A high economic growth rate, prosperous stock market, and the government’s determination to divest from state-owned enterprises all make Vietnam a promising market.
Actualités économiques |
According to Doanh Nhan Sai Gon, Warburg Pincus has invested a total of $1 billion in Vietnam’s businesses. In March 2018, the investment fund pumped $370 million into Techcombank, the biggest private equity investment in Vietnam’s history.
The deal was made just days before Techcombank began listing its shares on the HCMC bourse in June.
Prior to that, the investment fund injected $200 million into Vincom Retail and later raised the investment value to $300 million.
KKR also targets Vietnam’s businesses. The US leading investment fund pumped money into Masan Group in 2017.
Commenting about Vietnam, Ashish Shastry from KKR South East Asia said the country has great potential with its rising economy and many favorable factors in terms of demographic trends.
Vietnam's explosive development is part of the general trend that is spreading across Asia, where Western investment funds poured $158 billion in 2017, up by 38 percent compared with 2016, according to Preqin.

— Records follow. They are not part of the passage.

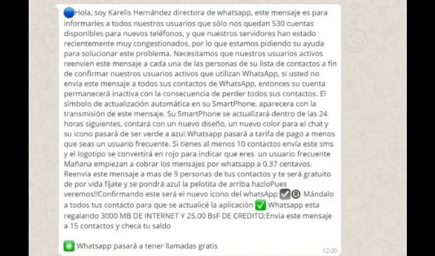 Alertan sobre cadena engañosa que circula en WhatsApp
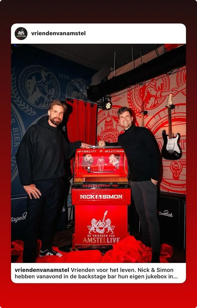 Woensdagavond was er nog een bijzonder moment voor de zanger, want Nick & Simon waren toen weer even herenigd. Ze hadden aan de vooravond van De Vrienden van Amstel LIVE hun eigen jukebox gekregen.
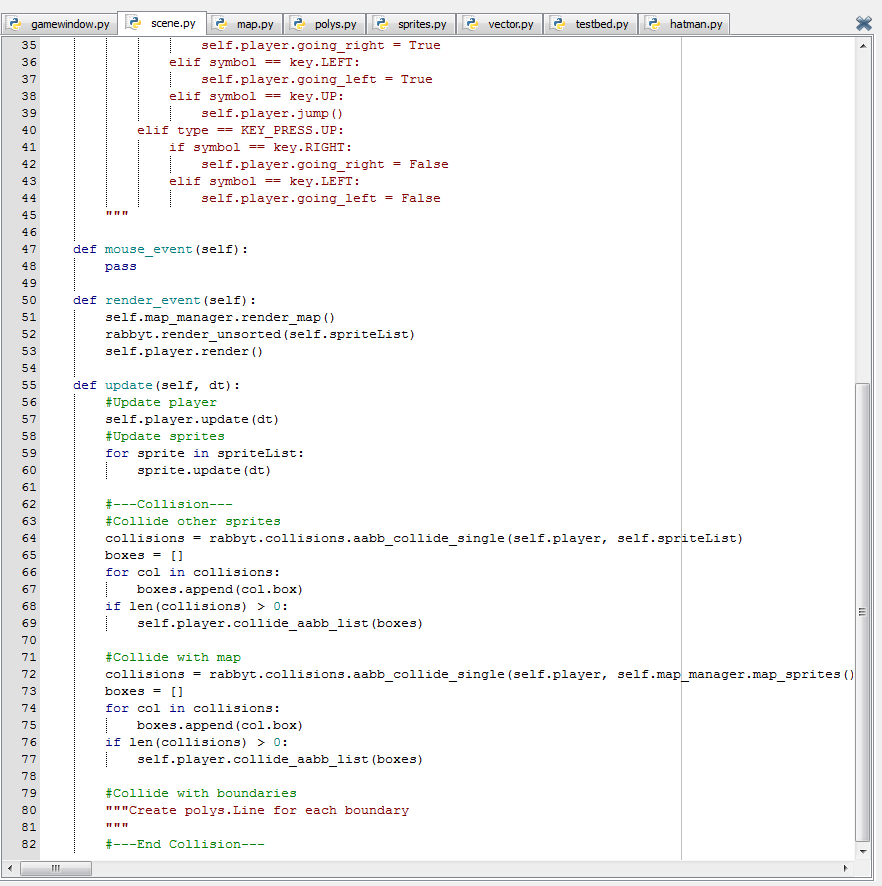 >>21720Someone asked about it? Did it get any results? If not, then maybe you should ask someone yourself. Because i've checked that code and while it would take a looooong time to read it all, there really seems that some codes don't connect with what they should in the collision parts. I could be wrong though, it's just a feel. I didn't read all of it, nor do I know all that much about Python/Rabbyt/Pyglet coding.
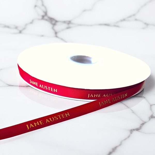 Design: Red Ribbon contains repeating text “Jane Austen” with Gold Foil
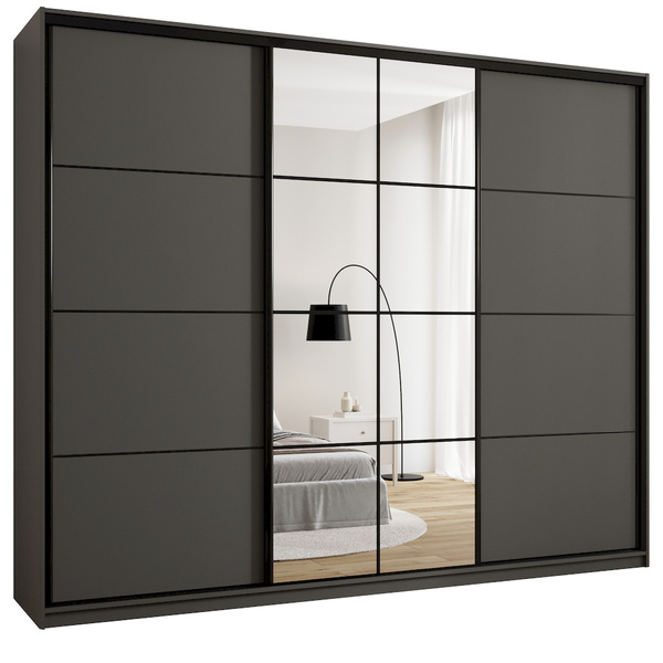 Duża grafitowa szafa przesuwna z lustrem 280 cm EDGE MAX
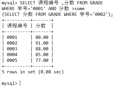 WHERE 学号='0001' AND 分数 >some
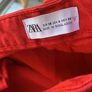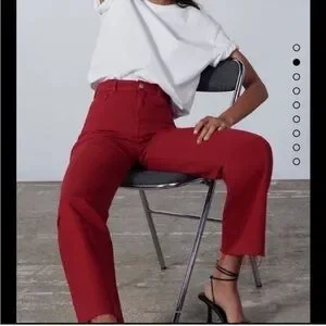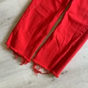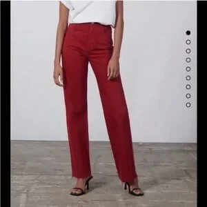 Zara The 90's Full Length Jeans Red Size 4 buttons fly raw ham

The figure was $23.5 billion in Asia, a three-fold increase compared with 2016. Investors bet on high GDP growth rates, heavy investments in technological infrastructure and the growing middle class in the region.
The International Monetary Fund (IMF) has predicted stable growth in five South East Asian countries, including Indonesia, Malaysia, the Philippines, Thailand and Vietnam, with average growth rate of 5.3 percent in 2018 and 5.4 percent in 2019.
In fact, experts believe that India and China will have higher economic growth rates. However, as the share prices in the countries are high, the profitability is less attractive than in South East Asian countries.
Quoting an expert, Nikkei affirmed that in South East Asia, investors can find more reasonable investment items which can bring big profits after 3-5 years.
Another factor is the reform in the capital market. In Vietnam, the reform is concentrated on the public economic sector, including divestment from state-owned corporations.
The process kicked off in 2011, but it only became strong in 2016. The number of state-owned corporations decreased from 1,500 in 2010 to 583 in 2016 and expected to decrease to 120 by 2020, according to the Ministry of Finance.
Meanwhile, the number of listed companies has increased from 2 in 2000 to 686 by the end of 2015, according to the State Securities Commission. The total capitalization value of the market increased from 0.23 percent GDP to 34.5 percent GDP in the same period.